Ikan babi adalah jenis ikan yang cukup mudah ditemui di Kampung Sikka. Nelayan di Sikka-Lela biasa menangkap ikan berjenis besar ini tapi memiliki kekhasan dalam cita rasa dan akibat mengkomsumsinya. Ganasnya saat di olah untuk menjadi santapan, minyak yang keluar dari tubuhnya akan sangat berlimpah ruah bahkan bara api yang dipakai untuk memanggang daging ikan tersebut akan padam seketika. Begitulah cerita yang pernah mengalami makan ikan babi tersebut.
Nah ini nih yang paling jahat dari sang ikan tersebut. Jangan sekali-sekali untuk menyantap daging ikan tersebut terlalu banyak. Cukup sepotong kecil saja.
Kenapa?Ikan ini dagingnya memang sangat lezat sekali, TAPI akibat yang ditimbulkannya ini nih yang bikin pusing kepala. Setelah menyantap daging ikan tersebut, secara tak sadar, secara diam-diam, secara tak pakai permisi, tak minta ijin terlebih dahulu minyak dari sang ikan yang yang kita santap dagingnya tadi akan keluar dari (MAAP !!) dubur kita, menetes tanpa pemberitahuan. Dan ini akan keluar secara terus-menerus seharian, sampai selesai. Aneh, entah ikan ini termasuk jenis apa, keluarganya apa, bahasa biologinya apa.
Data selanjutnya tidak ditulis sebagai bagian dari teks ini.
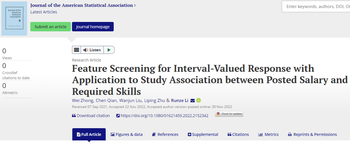 近日,由王亚南经济研究院(WISE)、太阳成集团tyc7111cc统计学与数据科学系钟威教授与美国弗吉尼亚理工在读博士生钱晨(WISE国际化班2019届本科毕业生)、领英公司刘万俊博士、中国人民大学朱利平教授、美国宾夕法尼亚州立大学李润泽教授合作完成的题为“Feature Screening for Interval-Valued Response with Application to Study Association between Posted Salary and Required Skills”的论文于统计学国际著名期刊Journal of the American Statistical Association (Applications and Cases Studies)在线发表。

Ikan yang sering disebut masyarakat Sikka-Lela dengan panggilan ikan babi (karena lemaknya yang banyak) berada dalam habitatnya di dasar laut yang cukup dalam. Sekali-sekali para pemancing pantai selatan ini menangkapnya.Jika berkunjung ke pantai selatan Sikka-Lela,tak ada salahnya untuk mencoba merasakan lezatnya ikan ini. Berani?